All the different inspectorates in post-16 education and training should work to a compatible framework based on self-assessment and there should be a shared training and registration of inspectors. Inspection services need to be quite independent of funding bodies; the method of funding influences the learning outcome and should itself be the subject of scrutiny and criticism.

* THE TUC supports a national funding and planning body, bringing together the funds distributed by the Further Education Funding Council and the training and enterprise councils. It should be a non-departmental public body, and work closely with the Higher Education Funding Council.

New funding arrangements must not harm schools, and there should be a levelling up of 16-19 provision. The new body could also assume responsibility for the Government's National Skills Strategy, and could provide funding at institutional, sectoral or regional level for Modern Apprenticeships, National Traineeships and other job development schemes.

The TUC wants an integrated system of national inspection to replace the three existing bodies but insists it must be at arm's length to preserve its independence.

The national body will need to be informed of the skill and learning needs of the regional labour market. "It would make sense if Regional Development Agencies assumed some direct responsibility for post-16 provision or at the very least share responsibility for such provision with any new regional funding arm of the national body."

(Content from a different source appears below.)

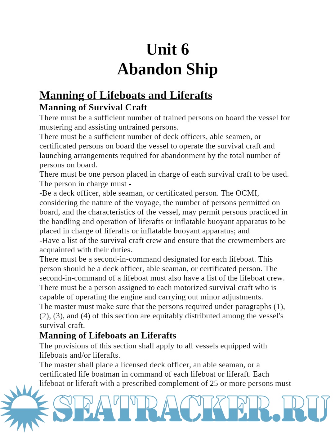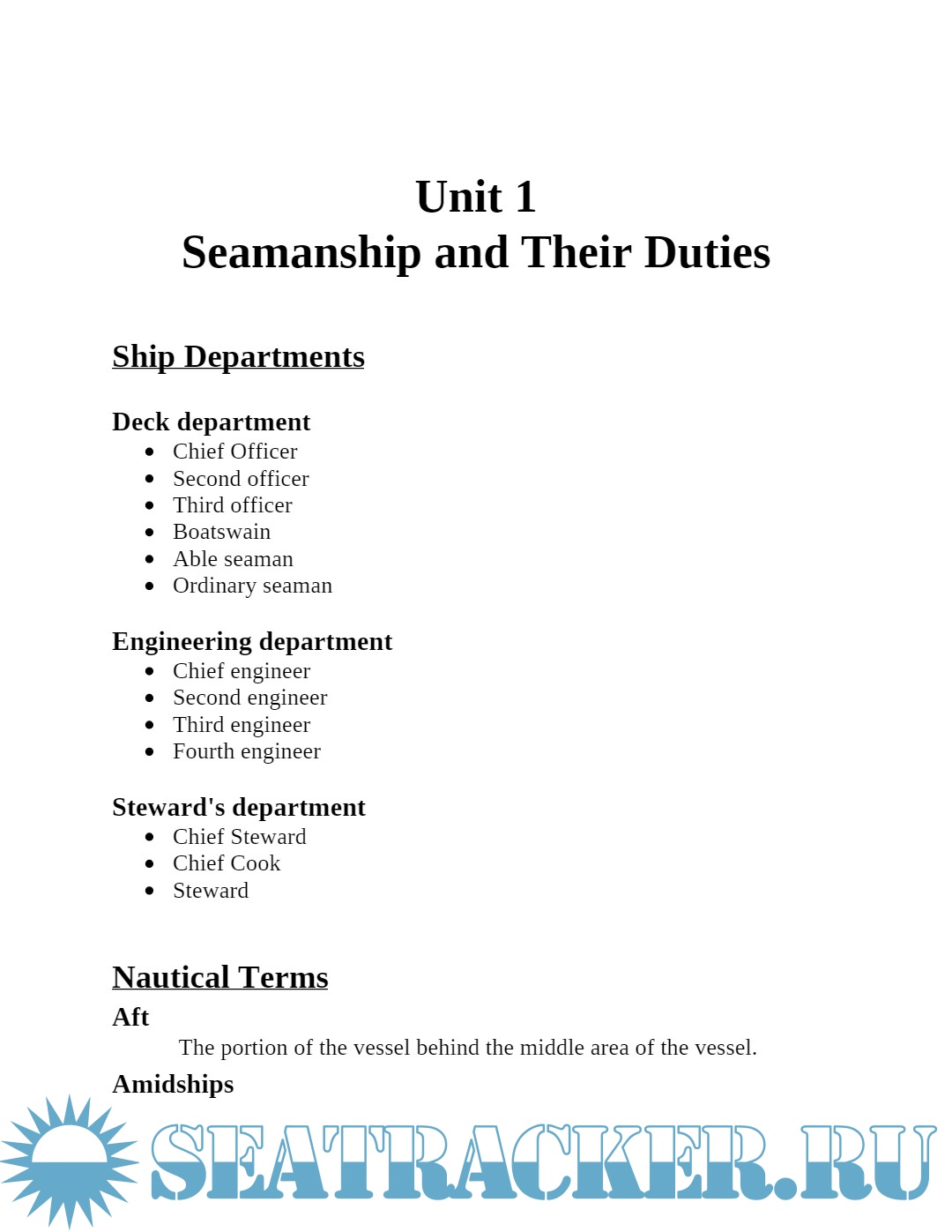 Elementary Navigation, Seamanship and Survival at Sea
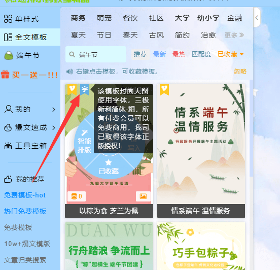 速排小蚂蚁对字体商用是有要求的,对于免费可商用字体是所有用户都可以商用,该字体为第三方字体;对于企业会员专享字体:速排小蚂蚁编辑器官方已取得合法版权使用权,可授权V-plus企业会员(即原V3钻石会员)免费商用对应三极字体,其他V0,V1,V2在任何场景功能下都不可商用;包括样式中字体,如果原样式中已使用或含有商用三极字体,除V0用户不可商用外,V1,V2,V-plus企业会员都可以免费商用,如下图,全文模板左上角有显示“字”的标记

The TUC supports the lifelong learning partnerships currently being developed and says they will lead to much greater collaboration between post-16 providers. Partnerships need to subsume other local partnerships rather than be additional to them. Employers and unions should be included as well as colleges, local authorities, the careers and youth services.

There would remain a strong case for local agencies with a contractual role with the national body to help deliver local learning plans. This TEC role needs to be assumed by such agencies, says the TUC.

* THE National Institute of Adult Continuing Education wants an umbrella body to plan lifelong learning. In its final submission it proposes a tripartite committee structure under the national body, each responsible for its own core funding.

The three funding streams would be: work-placed learning; formally organised education and training in mainstream FE; and community education, including the youth service.

NIACE director Alan Tuckett told a conference in Leicester last week: "Local government has not had a good decade and too many councillors still think of adult education as discretionary. But it would be wrong to shift resources from local government because of its capacity for economic regeneration and joined-up policy with arts, libraries, museums and social services.

"We are convinced that effective strategies for widening participation and achievement rely on the effective engagement of multi-purpose local democratic bodies. However, that engagement must be effective."

To ensure that local authorities provided an effective community education service, the funding would be ring-fenced and a standard of spending would be set at the average of the top 25 per cent of authorities in terms of pounds per adult. Local authorities would also be responsible for meeting the Government's participation target for adult learning.

Mr Tuckett said most of his members wanted to give the new lifelong learning partnerships a key regulatory and advisory role. They would be co-ordinated by the local authority and serviced by its staff. At regional level lifelong learning partnerships would be serviced by the FEFC regional offices. Any college, adult centre or voluntary body should be able to bid for funds in any of the core streams.